Part of the reason why Seedsman’s efficiency was down, he was under a fair bit of pressure early form the likes of Webster. In a chain of possessions out of defence, he had multiple touches, but over 70m Webster kept chasing him and eventually got a hand on his jumper and severely affected the quality of his disposal.


Mason Wood

Really good start to this game from Wood. Two goals in the first quarter that showed quite a bit of skill. He did fade out of the game at times but had some good moments in the second half that should help keep his head higher than some of his teammates. He had a fantastic diving tackle late in the third quarter was huge. He also took some solid marks in the last quarter as the outlet option, particularly in wet conditions. I’ve had a fair crack or two at Wood in the past, but I’ glad to see him out there.





Gee, it must be hard being a Saints fan. I do not envy you. Another game where you have legitimate claim to being the better team and simply haven’t taken your opportunities. Look at the bright side, you get the week off next week.  Such a fluctuating season so far, and it does not get any easier post-bye. With games looming against Richmond, Brisbane, Port and the Eagles in Perth. Ouch. They would need to play some serious football to turn this around.

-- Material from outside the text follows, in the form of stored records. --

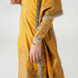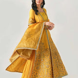 The front open kameez features long sleeves. It is heavily embellished with intricate gold embroidery, particularly around the hem. A contrasting border at the edge a mustard boarder in between panels. The outfit includes a banarsi dupatta in the same mustard yellow hue, also adorned with a matching embroidered border. The sharara pants with the banarsi border at the hem. The overall look exudes a festive and celebratory vibe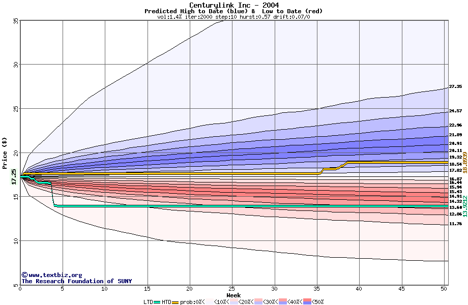 The high to date and low to date prices of the stock plotted against a random walk model for 2004 (what's this?).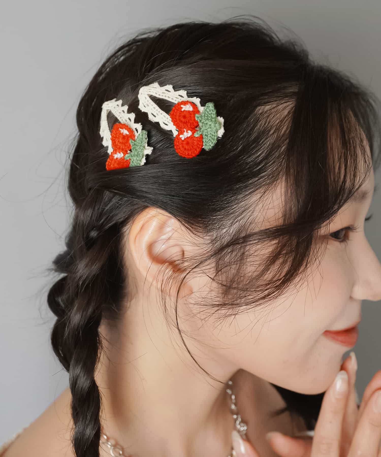 【63%OFF】ニットヘアクリップ/チェリー/ヘアピン/2個セット#NEO森ガール<メール便対応>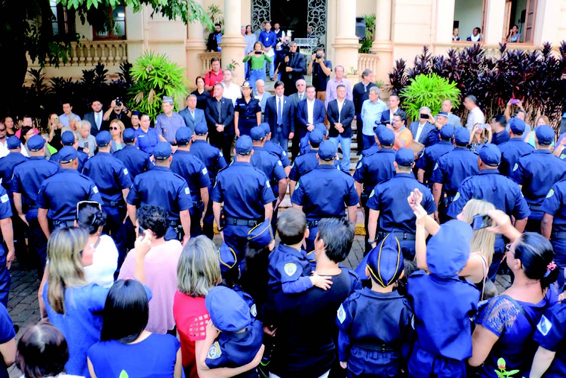 Há oito anos a Guarda Civil Municipal (GCM) não vivia um dia tão marcante como nesta quinta-feira, 7 de junho. “Esse dia, aqui na escadaria do Palácio Rio Branco, vai ficar marcado na mente de todas as senhoras e senhores, dos seus familiares, filhos, amigos e servidores que se incorporam agora à GCM”, definiu o prefeito Duarte Nogueira Júnior (PSDB) ao parabenizar toda a corporação pela formatura dos 48 novos integrantes da “Família Azul Marinho”, como se referem à GCM ribeirão-pretana.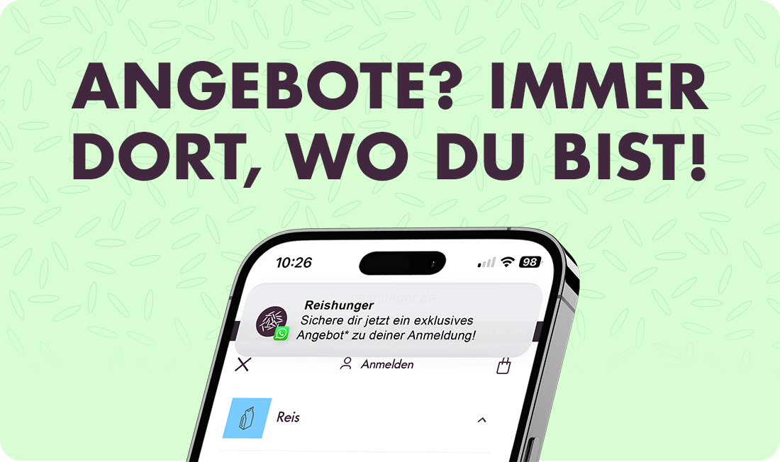 Du hast Lust auf exklusive Angebote, heiße Deals und Geschenke? Dann melde dich jetzt zum Reishunger WhatsApp Newsletter an und verpasse nichts mehr!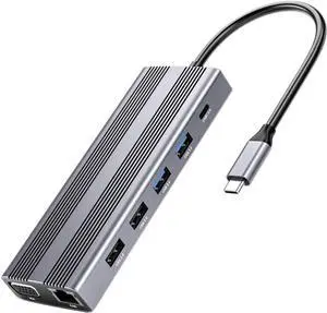 TypeC Dock HDMI-compatible2x USB Adapter Hub 10Gbps TypeC Rj45 TF Reader Docking Station 8-Port for Laptop Keyboards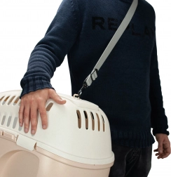 Tragen Sie die Transportbox bequem wie eine Umhängetasche – ideal für Spaziergänge, Reisen und den Tierarztbesuch.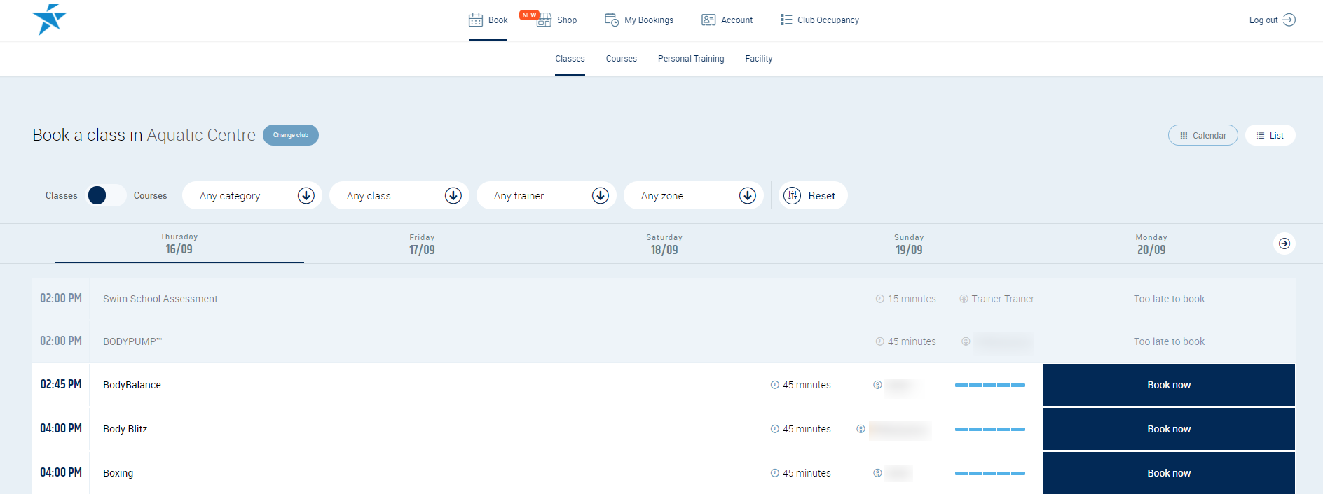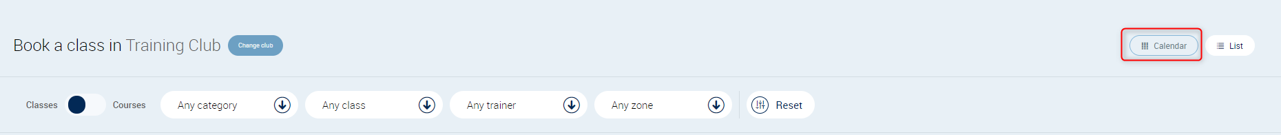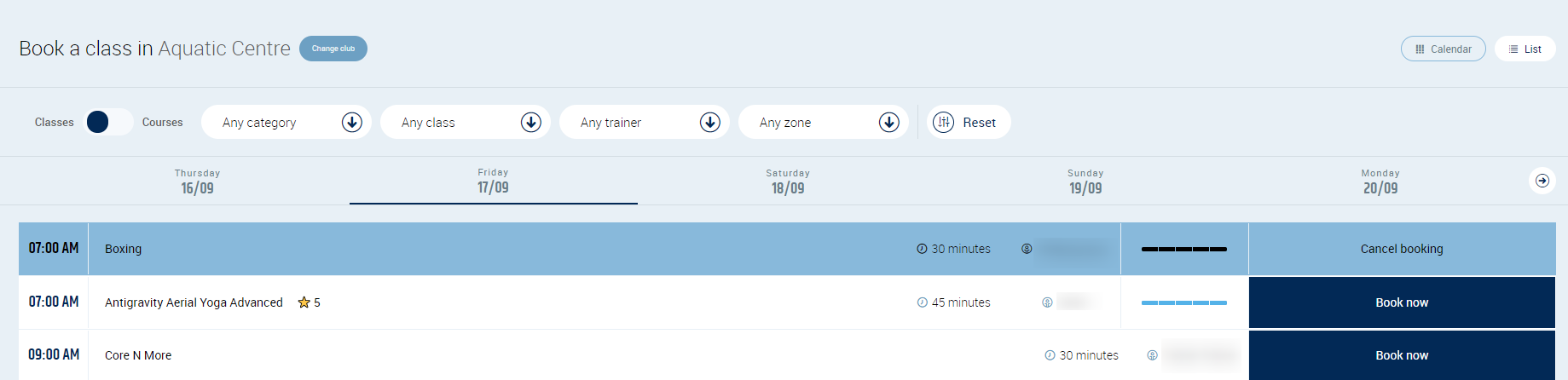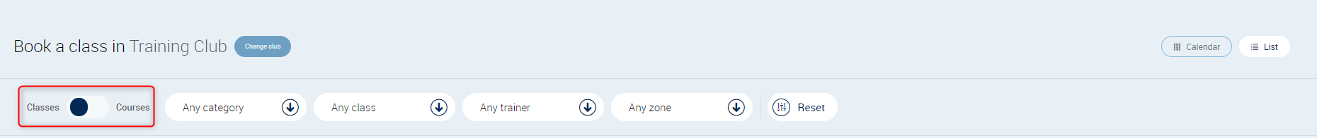 Classes / Courses toggle - Ability to toggle between single classes and course/group classes. The course/group classes are individual classes which a club member could enrol into a single class. If they need to enrol into the group, use the course tab.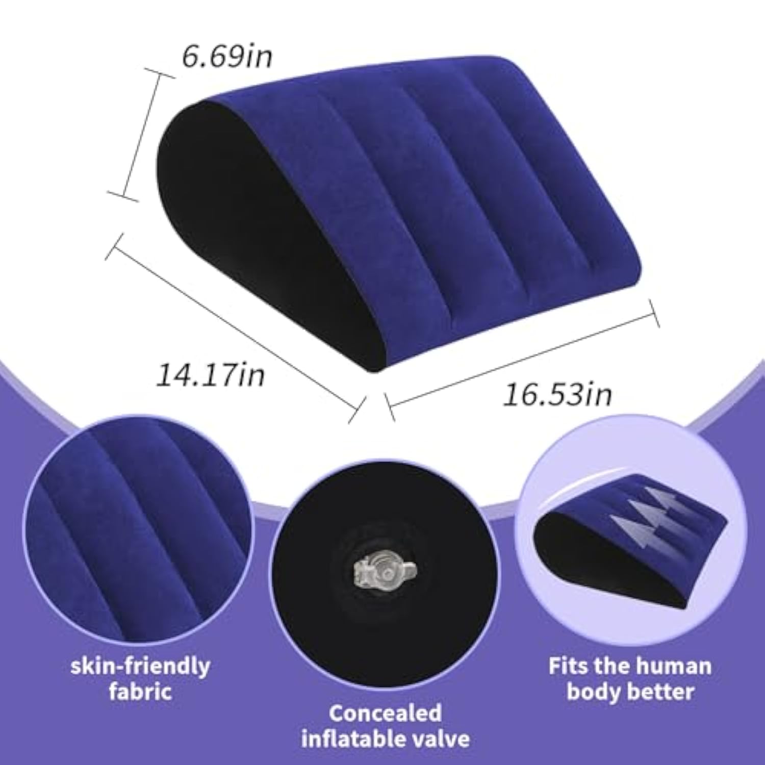 | This Pillow Uses Soft Comfortable Pvc Flocking,It Is Extremely Resilient And Velvety Soft On The Skin Without Sticking Or Slipping. It Can Be Cleaned Directly Or With A Wet Wipe. | | Enhance Your Experience By Using Our Wedge Cushion In Different Ways To Suit Your Needs. The Support Cushion Prevents Fatigue And Pain Caused By Holding The Same Posture For A Long Time. | | The Pillow Is Designed To Provide Intense Orgasms For Both Partners. | | Its Lightweight Design Makes It Easy To Carry With You Wherever You Go, So You Can Enjoy Intimate Moments No Matter Where You Are. | | Our Pillow Is Foldable And Easy To Inflate Even Without A Pump. It Is Also Ideal As A Travel Pillow, Neck Pillow For Travel, Support Pillow For Your Back Or As A Backrest For The Sofa. | |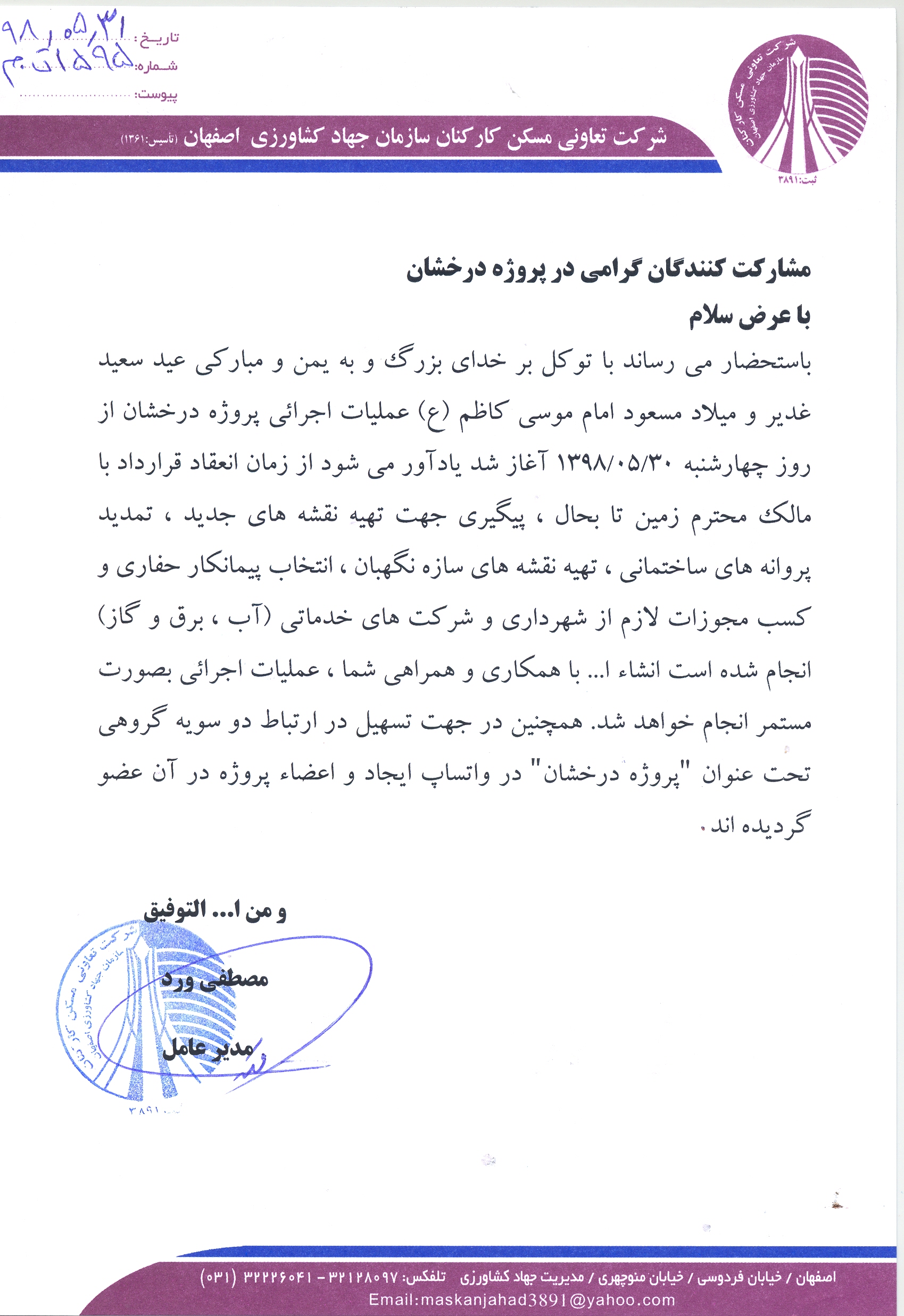 اطلاعیه شروع عملیات اجرایی پروژه مسکونی درخشان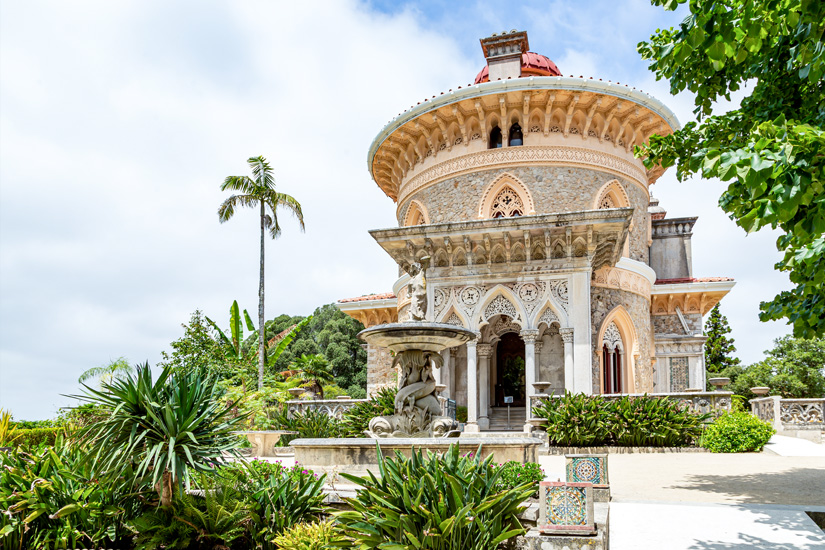 Eine im arabisch anmutenden Baustil erbaute Villa ist der Palácio de Monserrate. Sie stellt einen optischen Kontrast zu den anderen Palästen Sintras dar. Im ersten Moment fühlt ihr euch wie in 1001 Nacht, wenn ihr das zum Weltkulturerbe der UNESCO zählende Gelände von Weitem seht. Auch genauere Ansichten sind lohnend, allein wegen der filigranen Schnitzereien in der Steinfassade. In den ruhigen Gärten könnt ihr, wie schon im Park des Palácio Nacional da Pena, wunderbar entschleunigen. Es handelt sich bei dem Palácio de Monserrate eher um einen Geheimtipp, der weniger von Besuchern überlaufen ist als andere Sehenswürdigkeiten in Sintra.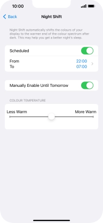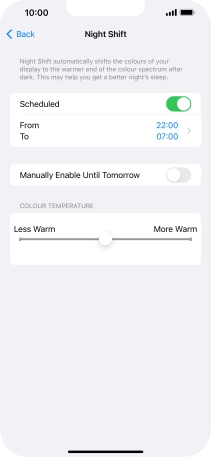 Press the indicator next to "Scheduled" to turn on the function and follow the instructions on the screen to select the required period of time for Night Shift.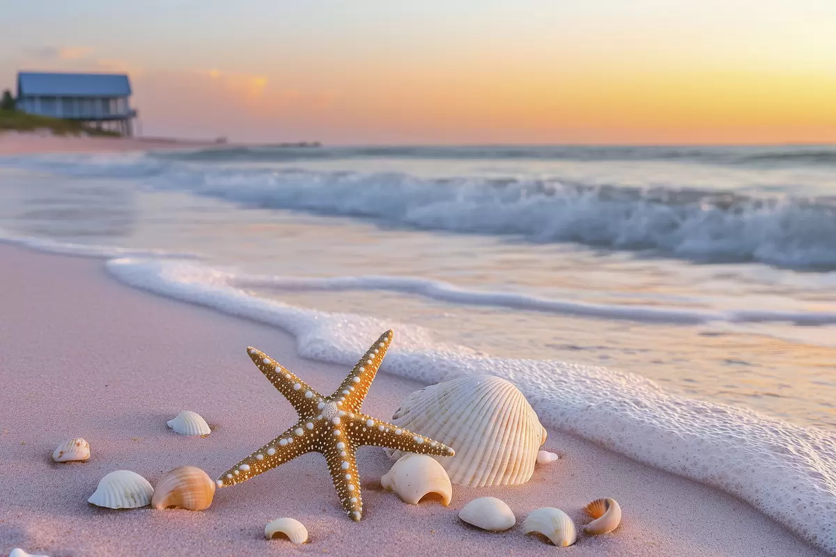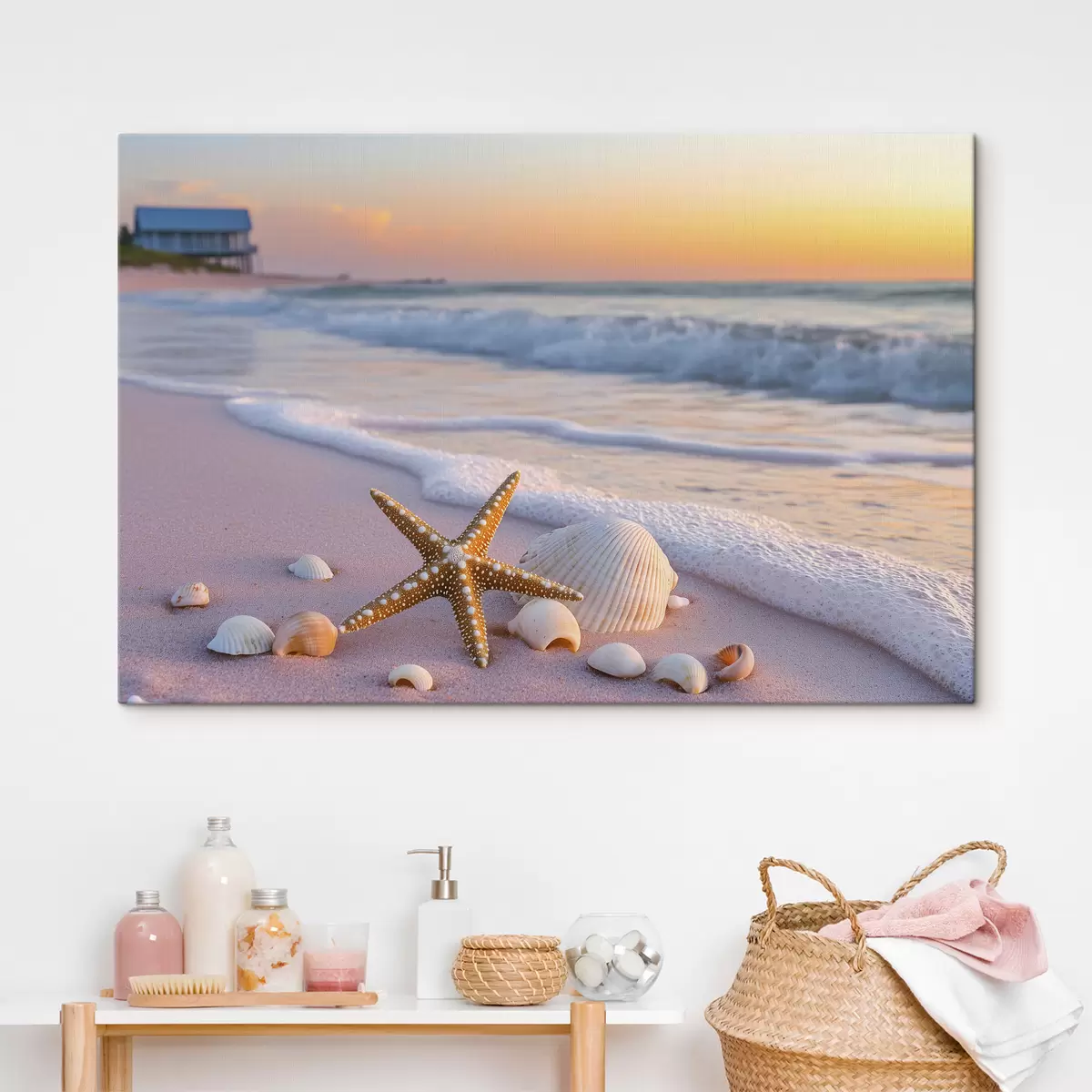 Glezna Jūras piekraste ar jūras zvaigznēm, gliemežvākiem un viļņiem Nr s44714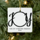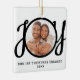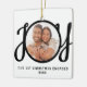 This keepsake First Christmas Engaged photo ornament is decorated with the word JOY in black, stylish script typography. Easily customisable.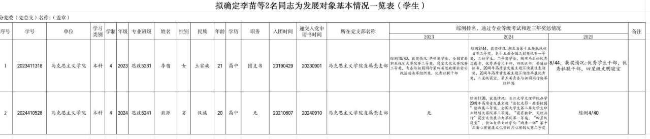 附:拟确定熊源等2名同志为发展对象基本情况一览表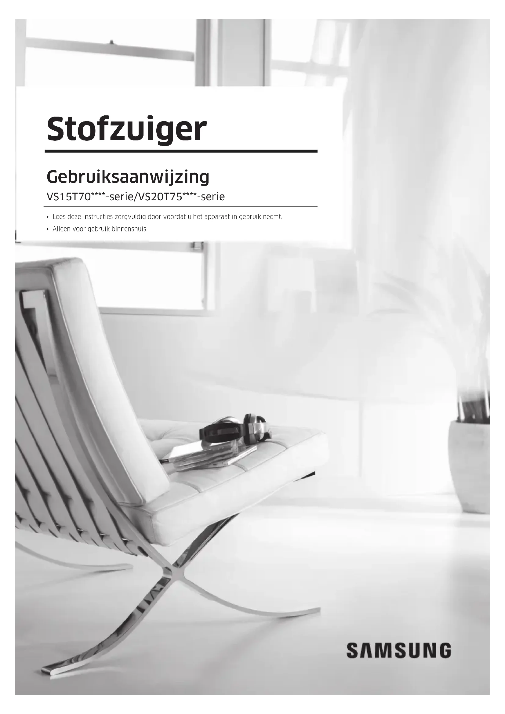 - Alleen voor gebruik binnenshuis 2_VS7000_NL_00837B-01_EN.indd 1 2020-04-26 오후 11:12:08Inhoud VOORBEREIDING Veiligheidsinformatie 3 INSTALLATIE Namen van de onderdelen 13 Accessoires 14 De wandbevestiging installeren 15 De wandbevestiging in elkaar zetten 15 De wandbevestiging installeren 15 BEDIENING De stofzuiger gebruiken 16 De wandbevestiging gebruiken 16 De batterij opladen 17 De stofzuiger bedienen 18 De accessoires gebruiken 19 ONDERHOUD Onderhoud van de stofzuiger 22 Wanneer u de stofopvangbak moet legen 22 Het legen van de stofopvangbak zonder stofwolken te veroorzaken 22 De stofopvangbak legen en schoonmaken 22 Het lter schoonmaken 24 De accessoires schoonmaken 24 BIJLAGE Opmerkingen en waarschuwingen 26 Batterijgebruik 26 Bediening 27 Onderhoud 29 Problemen oplossen 30 Productspecicatie Model VS20T75**** VS15T70**** Aan-uit 100-240 V
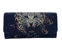 Одна из самых удачных и популярных женских моделей кошельков из натуральной кожи морского ската с притом в виде головы пантеры. Для пошива кошельков данной модели фабрика использует натуральную высококачественную кожу морского ската, кожа крупнозернистая, эластичная и очень приятная на ощупь. Кошелек тройного сложения или трайфолд, широкий, функциональный, вместительный, правильной прямоугольной формы на лицевой поверхности кошелька мы видим откидывающийся вверх лицевой клапан, лицевой клапан в нижней части имеет овальную форму, внутри клапана расположена магнитная кнопка-застежка, на эту кнопку лицевой клапан фиксируется к лицевой поверхности, на обратной стороне кошелька устроен плоский карман, карман выполнен на всю ширину и высоту кошелька, доступ в карман устроен на обратной стороне кошелька в верхней части. Лицевая часть кошелька, обратная поверхность и лицевой клапан данного кошелька выполнены с применением натуральной кожи морского ската. Внутри кошелек состоит из двух широких отделений для банкнот, одного плоского кармана на молнии этот карман на молнии расположен в одном из отделений для купюр. Данное отделение на молнии хоть и имеет плоскую форму, однако может быть использовано вами и как монетница, и как кармашек для хранения мелких ценных предметов. За отделением на молнии устроен широкий плоский карман. Также внутри кошелька выполнены двенадцать слотов для всевозможных карточек, один из слотов выполнен с прозрачным окошком. Два широких, на всю ширину кошелька, плоских кармана, расположены под слотом для шести карточек, тех, что с прозрачным окошком. Натуральная, высококачественная кожа теленка, утонченная для придания кошельку меньшего веса была использована при создании внутреннего наполнения женских кошельков из кожи морского ската данной модели, также внутри кошелька местами применен текстиль.

Talk about a tale of two halves. But that also encapsulates the Crows season as well. This is a team that has beaten both Geelong and Melbourne in Adelaide, but also lost to Fremantle and Collingwood there…  go figure. However, coming back form 18th last season, the Crows would be very happy with their season so far. With a young team that can give up eight of the first 10 goals of a game, but then kick the last seven goals straight to win, you’re going to have be patient. The important thing is that they are fa more competitive.